When it comes to the end stage, if the patient is treated early and according to the principles, the systemic symptoms will improve, the lesions will stop progressing, the cold abscess will shrink, after 1-2 years the spine will stick, destroyed and regenerated gradually, the remaining sequelae are hunchback and limited mobility.
If not treated or the body is too exhausted, the disease can get worse, the damage spreads, spreads to other organs, compresses the marrow. The patient died of neurological complications and infection.
In fact, tuberculosis of the spine needs to be distinguished from other spinal diseases such as: spinal cancer (primary or secondary to metastases from other places), myeloma, ankylosing spondylitis , bacterial osteomyelitis, spina bifida, spondylolisthesis ...
4. How is spinal tuberculosis treated?
Currently, the treatment of spinal tuberculosis is still mainly medical, early treatment, right from the beginning. Combination of 4 to 5 anti-TB drugs in the attack phase, 2 to 3 drugs in the consolidation phase. Combination treatment with drugs to treat symptoms, prevent superinfection, protect the liver and improve physical condition.
Current treatment regimen for spinal tuberculosis is using a 12-month formula (2RHZE/10RHE). The patient will be treated for 2 months with 4 drugs Rifampicin (R), Isoniazid (H), Pyrazinamide (Z), Ethambutol (E). Previously, Streptomycin was often used, but due to its high toxicity on the kidneys, vestibule, and cochlea, it was replaced with Ethambutol. Children should not use Ethambutol in the consolidation phase.
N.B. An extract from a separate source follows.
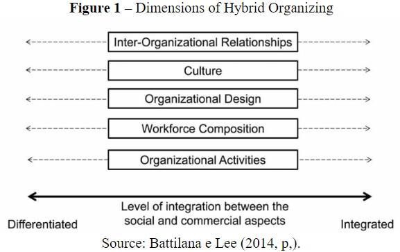 Thus, organizational hybridism represents a field of studies focused on the possibility of coexistence of different strands, objectives, parts or organizational formats to pursue common organizational goals (WOOD JR., 2010). The hybrid organizations' result of this process has, for example, their economic, social and environmental aspects juxtaposed in the same organizational format, aiming to achieve specific market niches and meet the specific demands of their public (CHU; WOOD JR., 2008).

Other treatment methods such as spinal immobilization waiting for stabilization (now rarely used), surgery (bursectomy, removal of cold abscess, removal of dead bone, spinal fixation, bio-cement pump). ..).
In order to serve well in the diagnosis and treatment of spinal tuberculosis, at present, Vinmec International General Hospital has a full range of modern X-ray machines, meeting international standards to perform examinations, Diagnosis of pathologies results in true, clear images and finding lesions and inflammation from the spine from which to have active treatment.
Besides, the examination process at the hospital is carried out by a team of highly qualified and experienced doctors, so customers can be assured of the medical quality at Vinmec.